Filmmaker John Valadez will screen his latest project, The Head of Joaquin Murrieta, at CSU Monterey Bay on Sept. 10.

Valadez will show the film and answer questions starting at 4 p.m. in the Cinematic Arts and Technology studio (Bldg. 27) on Sixth Avenue. The public is invited to this free event.

Valadez has been writing, producing and directing award-winning documentaries for 16 years. Two of his films: War and Peace, about Latinos in World War II, and Prejudice and Pride, about the Chicano movement, aired on the landmark PBS documentary series Latino Americans. His films have tackled subjects including the false imprisonment of a leader of the Black Panther Party; Latino gangs in Chicago; segregation in America’s schools; and the genocide of Native Americans in the Southwest. He is currently completing a companion book to his Emmy nominated PBS documentary The Longoria Affair.

Film synopsis: For over a decade filmmaker John Valadez searched for the remains of Joaquin Murrieta, a legendary Mexican outlaw who blazed a trail of revenge and rebellion

following the theft of his land, and the rape and murder of his wife. In the summer of 1853, Murrieta was killed by bounty hunters, who put his head in a jar and displayed it across California, charging people a dollar to see their “trophy.”One hundred and sixty-two years later, Valadez is convinced he finally has the head.
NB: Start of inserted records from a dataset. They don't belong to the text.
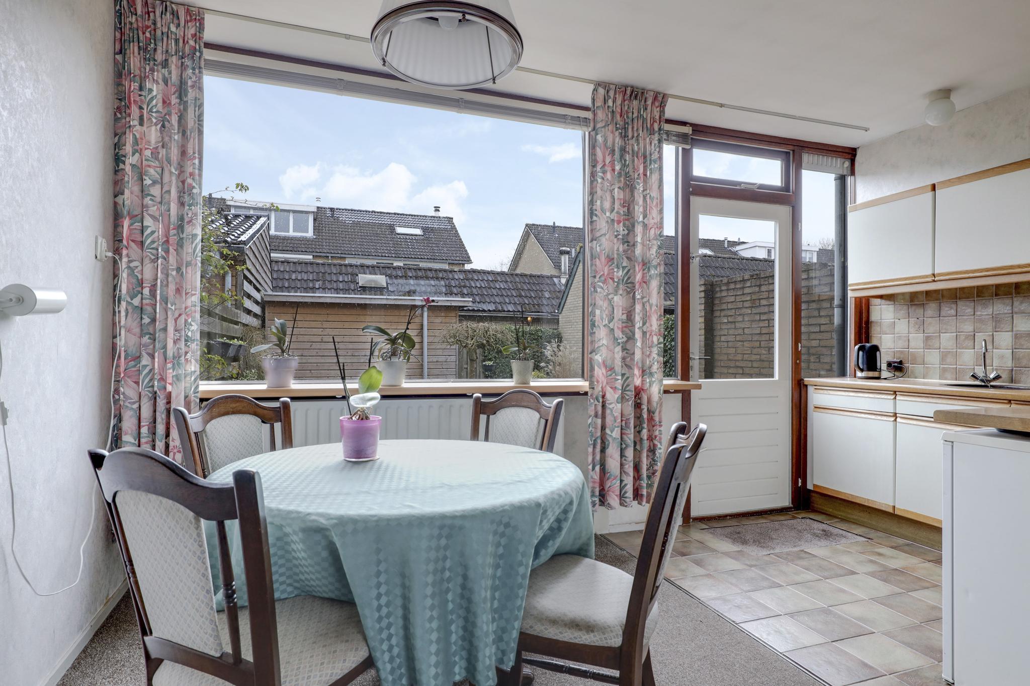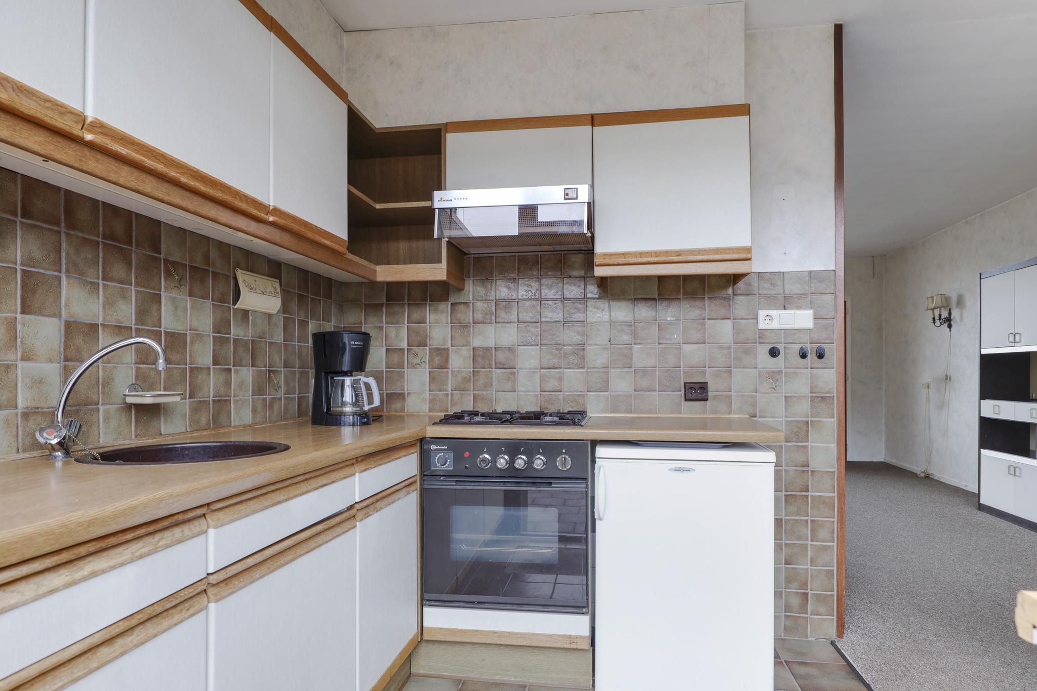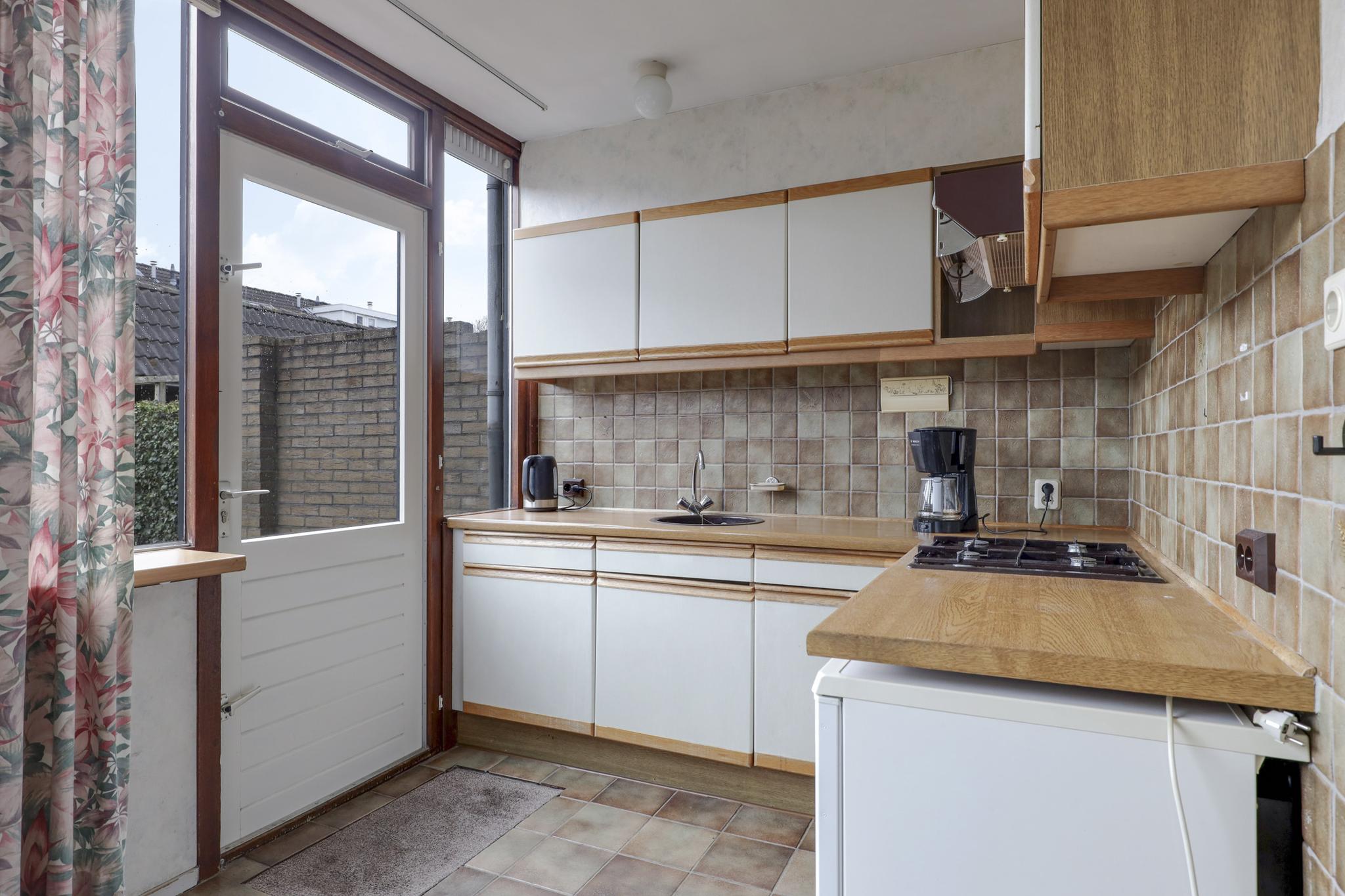 De keuken is aan de achterzijde van de woning gelegen en is wat gedateerd. Vanuit de keuken is de tuin bereikbaar, ook hier is veel lichtinval aanwezig. Het keukenblok is in een hoekopstelling geplaatst en is eenvoudig te noemen. Diverse onder en bovenkastjes bieden veel opbergruimte. De inbouwapparatuur bestaat uit een 4-pits gaskookplaat en een oven. De ‘losse’ koelkast blijft achter bij de woning.
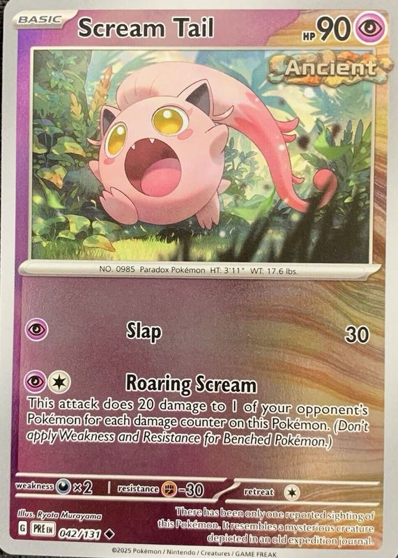 The Scream Tail 2025 Scarlet & Violet: Prismatic Evolutions #042/131 Reverse Holo card in Raw TCG (Near Mint) condition has moved up $0.10 (+6.7%) in the last 30 days and was last sold for $1.59 .
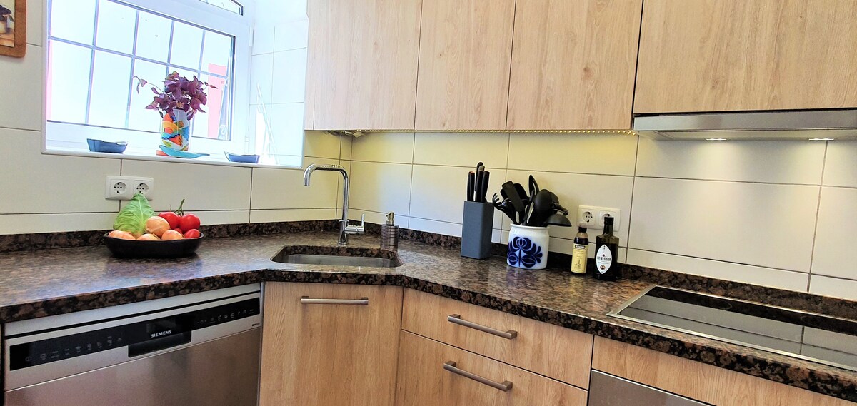 Nuestra casa privada se encuentra en un condominio tranquilo a solo 10 minutos a pie de las playas cercanas y del centro de Carvoeiro. Fue construida por arquitectos con la idea de asemejarla a las antiguas construcciones del Mediterráneo/norte de África. Mi familia renovó completamente el apartamento en julio de 2023 respetando su arquitectura y utilizando materiales locales. Algunos muebles fueron hechos a mano por mi padre utilizando materiales reciclados de la casa, como la madera de alta calidad para la mesa de comedor o el armario.
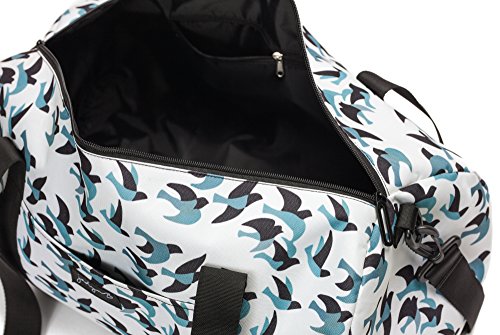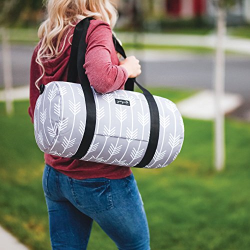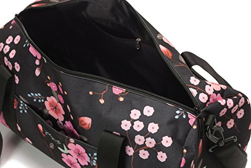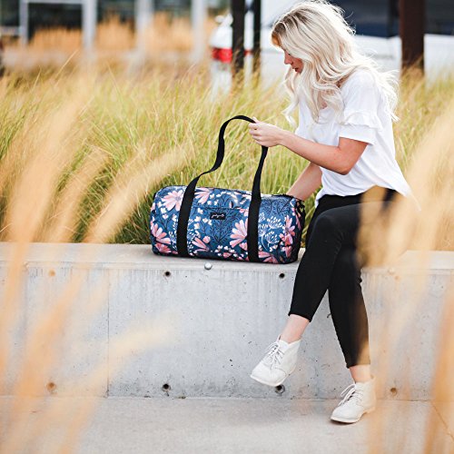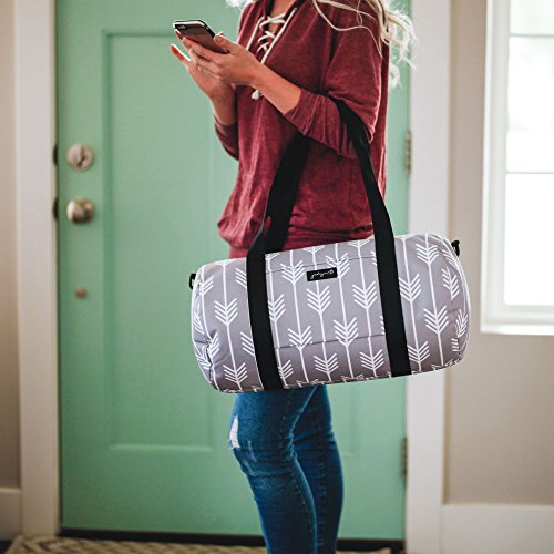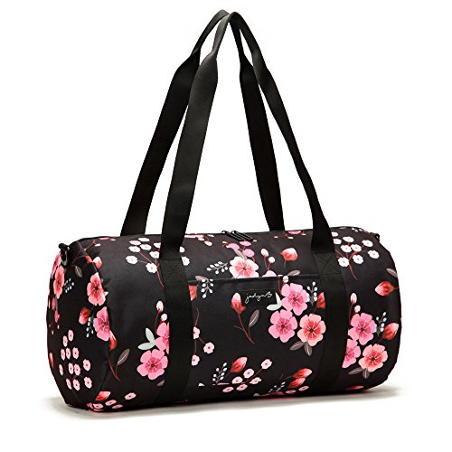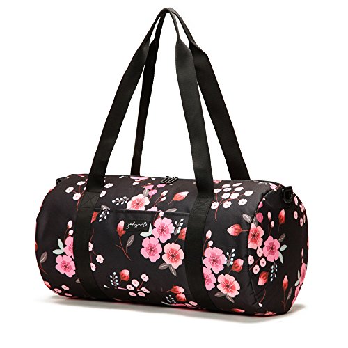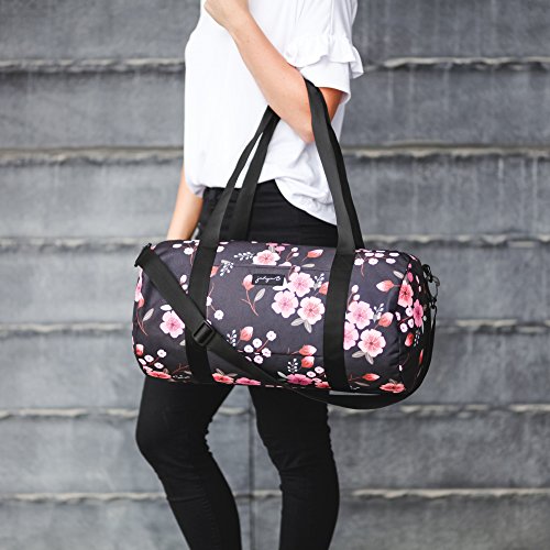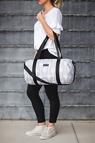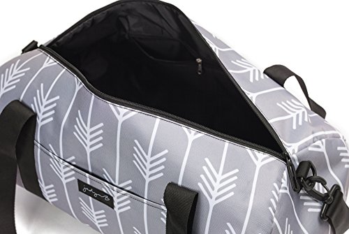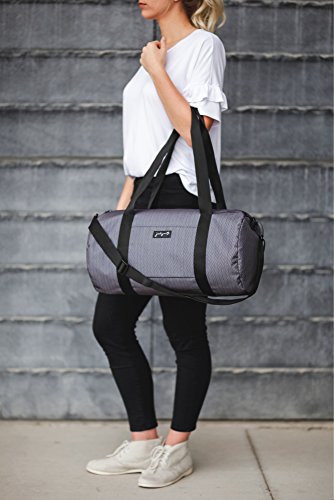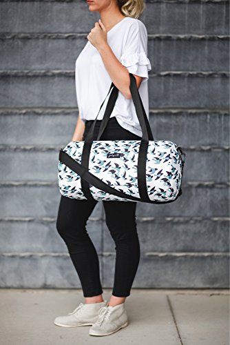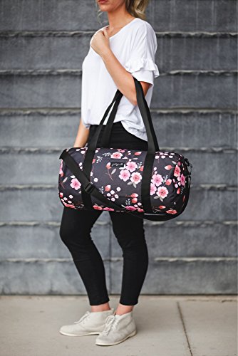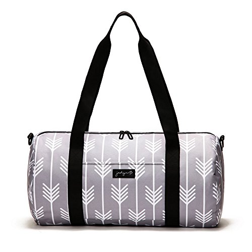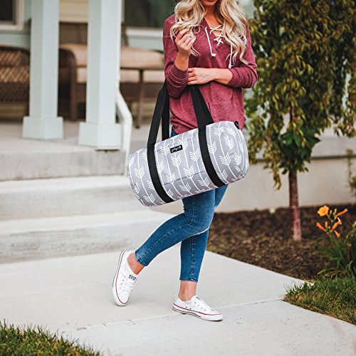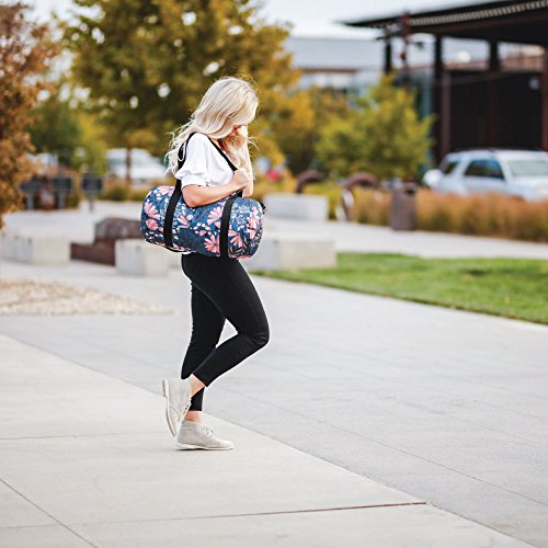 Product Description Jadyn B's Barrel Duffel Bag provides active lifestyles with exceptional durability and functionality while maintaining a feminine edge of beauty and style. The handles drop 13", allowing most women to carry the duffel on their shoulders. However, an adjustable shoulder strap is included for added support. The bag features a zip-enclosed inner pocket for toiletries and other essentials, and the front of the bag features an open, quick-access pocket for anything needed on the go. It is the perfect overnight travel bag or gym bag. Weight: 1 lb 2 oz. Dimensions: 19" x 10" x 10". 0
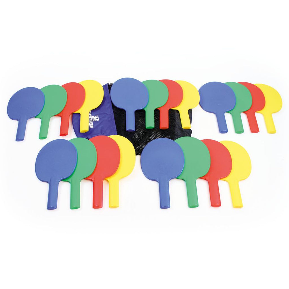 Lightweight plastic bat with a short handle. Suitable for use with an array of foam or plastic balls. Supplied as a set of 4 (1 of each blue, green, red, yellow) or a bag of 20. Bat length: 27cm.
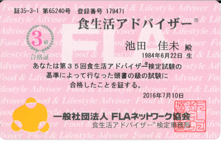 食生活アドバイザー3級取得
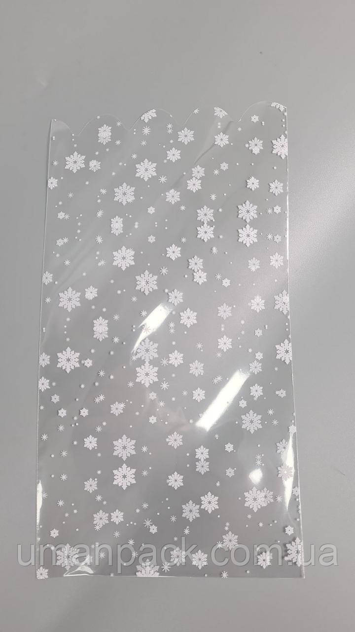 Пакет із малюнком для пакування подарунків (15*30) No380 (7) (ажурний) "Сніжинки" (100 шт.)
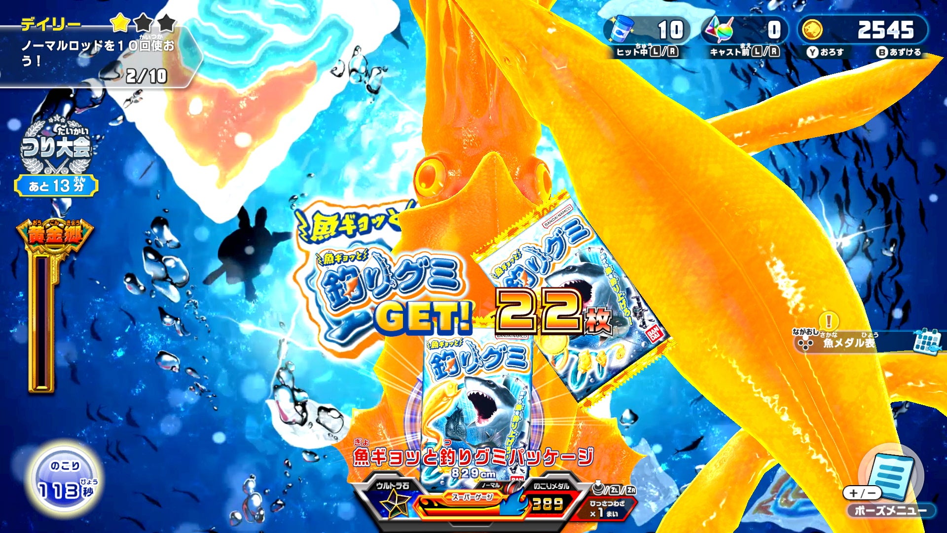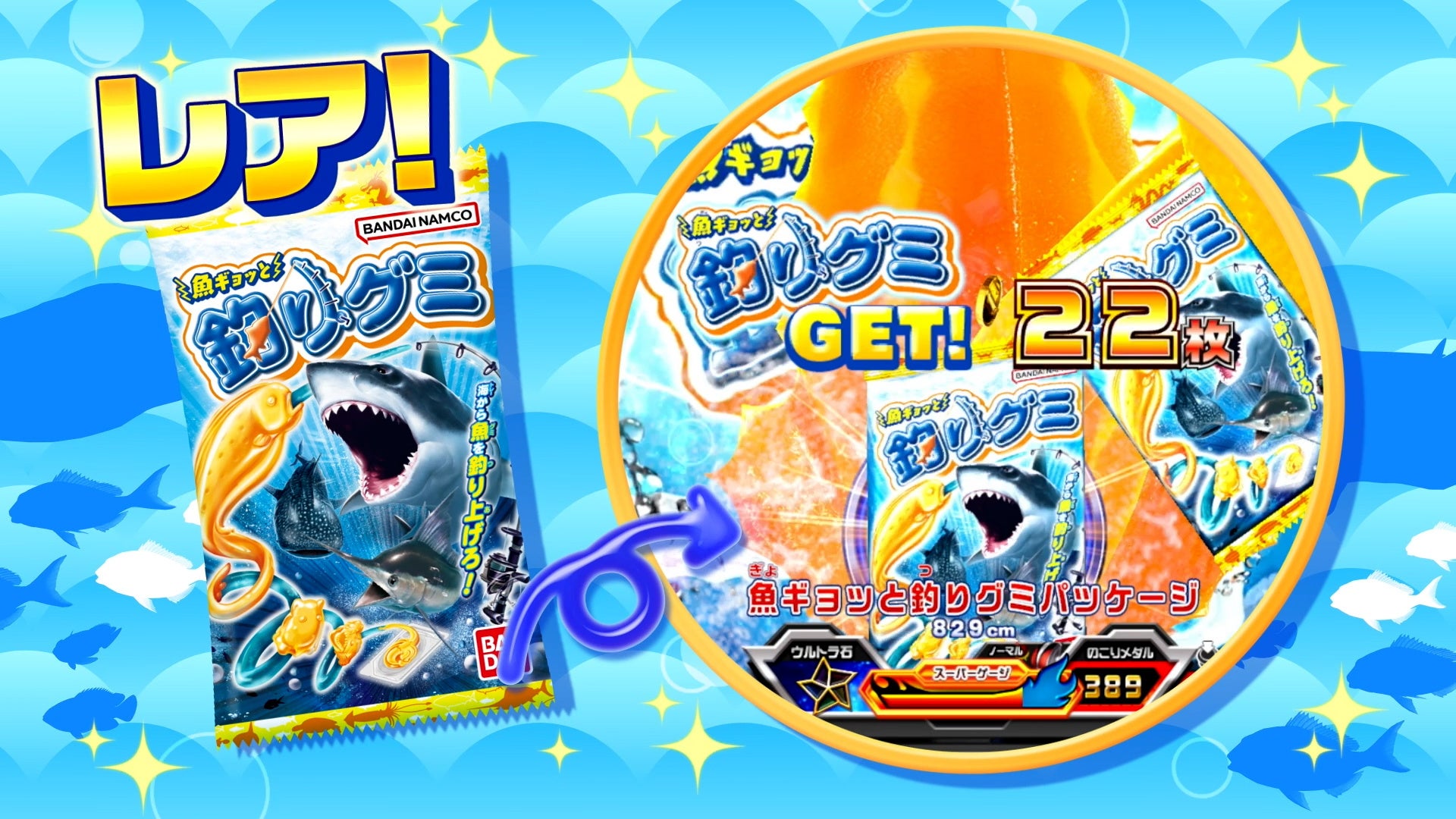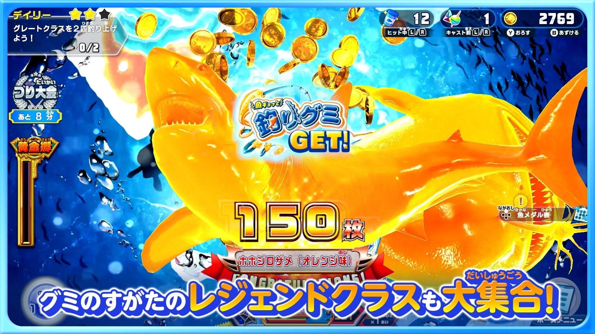 さらに、オオモノ魚ギョッと釣りグミフェイズでは、「魚ギョッと釣りグミレジェンドクラス」が登場し、釣り上げると150枚のメダルを獲得できます。
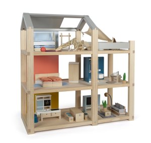 Rozměry: 44x63x35 cm Rozměry balení: 64,5x44x12 cm Věk: 3+ Materiál: vysoce kvalitní dřevo z udržitelných a obnovitelných zdrojů Ručně domalováváno ekologickými barvami Obsahuje 37 ks nábytku

He embarks on a quixotic, cross-country road trip through history, memory, and myth to bury the head of Joaquin Murrieta, and finally lay to rest a dark and troubled past – one that has chilling parallels with the filmmaker's own family story.

The Head of Joaquin Murrieta is an irreverent, entertaining and often disturbing tale that uses both fiction and documentary storytelling devices to tear open a painful and long ignored history: the lynching of Mexican Americans in the southwest.